Salient points to note in the manifest file are:

  • An Egress endpoint with scheme ucx

  • A parameter networks for the networks that should be used by the pods

  • Having parameter for the configuration allows for the configuration to be set by the application developer during deployment time

  • A Memory based emptyDir volume named dshm that must be mounted at location /dev/shm in containers using UCX

  • A ucf.k8s.ucx-config component with name ucx-graph-config which can be used as a configuration file for the application using UCX with:

    • The configuration file contents must be set as a string on the data parameter of the component

    • A placeholder $egress.<egress-endpoint-name>.address (e.g. $egress.ucx-client.address in this case) must be used wherever the IP address of the UCX service is required

    • A placeholder {{ index .Values.egress "<egress-endpoint-name>" "port" }} (e.g. {{ index .Values.egress "ucx-client" "port" }} in this case) must be used wherever the port of the UCX service is required

  • Mount the configuration file to the application container (client-ucx-container here) by setting ucxConfig parameter with:

    • name set to name of ucf.k8s.ucx-config component (ucx-graph-config in this case)
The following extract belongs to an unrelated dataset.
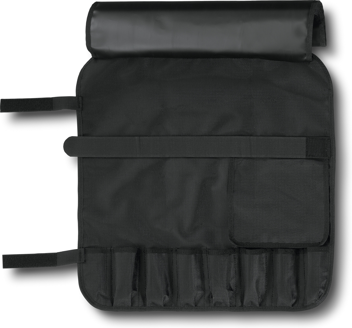 Victorinox Knivvesken er laget av slitesterk og rengjøringsvennlig PVC/polyester og kan enkelt rulles sammen. Etuiet har en lomme for navneskilt, en separat klaff som dekker de små knivene, og en borrelåsstropp som holder bladene på de store knivene på plass.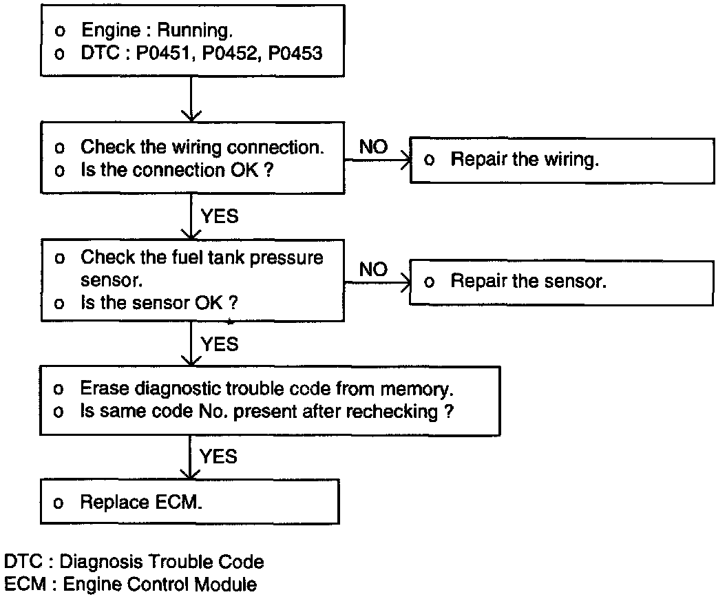 DTC P0451, P0452, P0453 - Fuel Tank Pressure Sensor:

    • mountPath set to the path where the configuration file should be mounted

  • A podAnnotations component with the annotation k8s.v1.cni.cncf.io/networks set to the parameter $params.networks

Adding and connecting microservices with UCX endpoints in UCF application

Microservices with UCX endpoints can be added and connected similar to microservices with other endpoint types.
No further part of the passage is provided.